O nosso hábito sempre se suja com essa lama. Eu mesmo vivi, na Itália, a experiência de passar um ano em uma região atingida por um terremoto, com muitas mortes. Estar com as pessoas, não fugir, é um grande sinal – e profundamente franciscano.

Não devemos ter medo, porque a nossa força é a força humilde de Jesus, que não teve poder – e justamente por isso venceu todo poder

Como o senhor acompanha a situação do conflito no Oriente Médio, na Terra Santa? Tem conversado com o cardeal Pizzaballa?

Eu deveria ter ido a Jerusalém há um mês, mas a guerra – inclusive com o Irã – impediu a viagem, pois não há voos. No entanto, permaneço em contato com os frades, com o custódio e com o cardeal Pierbattista Pizzaballa, nosso confrade. Ele nos convida a reconhecer que Deus está presente também entre as ruínas de Gaza, no vazio de Jerusalém, no sofrimento de todos aqueles povos. Deus está presente onde há vazio e dor. Pizzaballa nos oferece essa mensagem forte: permanecer fiéis àquela terra, não fugir.
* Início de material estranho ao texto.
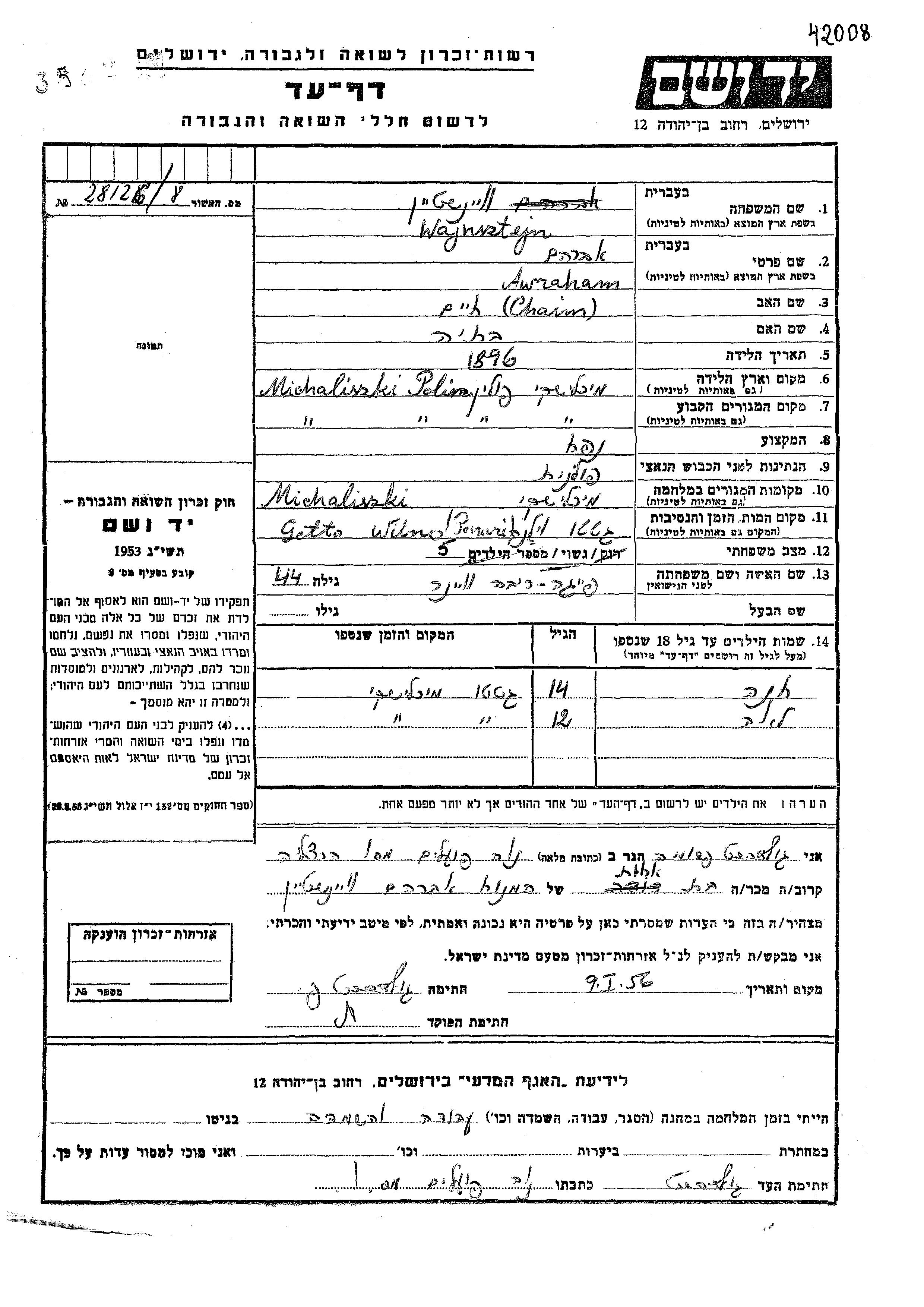 Авраам Вайнштейн, место рождения: Михалишки, Польша. Отец: Хаим, mать:Батья. Кузнец. Женат / замужем. Место жительства до войны: Михалишки, Польша. Место во время войны: Михалишки, Польша.

Para encerrar, qual é o desafio que São Francisco nos deixa hoje?

O desafio é exatamente este. Francisco não encontrou primeiro o crucifixo de São Damião e depois os leprosos. Foi ao abrir os olhos para os leprosos, ao servi-los e ter misericórdia deles, que seus olhos se abriram para Cristo de um modo novo. Quando nos aproximamos dos pobres, quando partilhamos suas vidas, descobrimos que somos pobres com os pobres – e o nosso olhar de fé sobre Jesus Cristo também se transforma e se amplia. Isso é essencial.

Não se trata apenas de justiça social, mas do coração do Evangelho. Quem não olha para os pobres não quer olhar o rosto de Cristo. Sei que essa mensagem não agrada a muitos, inclusive dentro da Igreja, mas este é o Evangelho. Francisco nos recorda isso. E também o Papa, nestes dias, tem nos oferecido uma forte mensagem de paz, sem medo dos poderosos deste mundo. Não devemos ter medo, porque a nossa força é a força humilde de Jesus, que não teve poder – e justamente por isso venceu todo poder.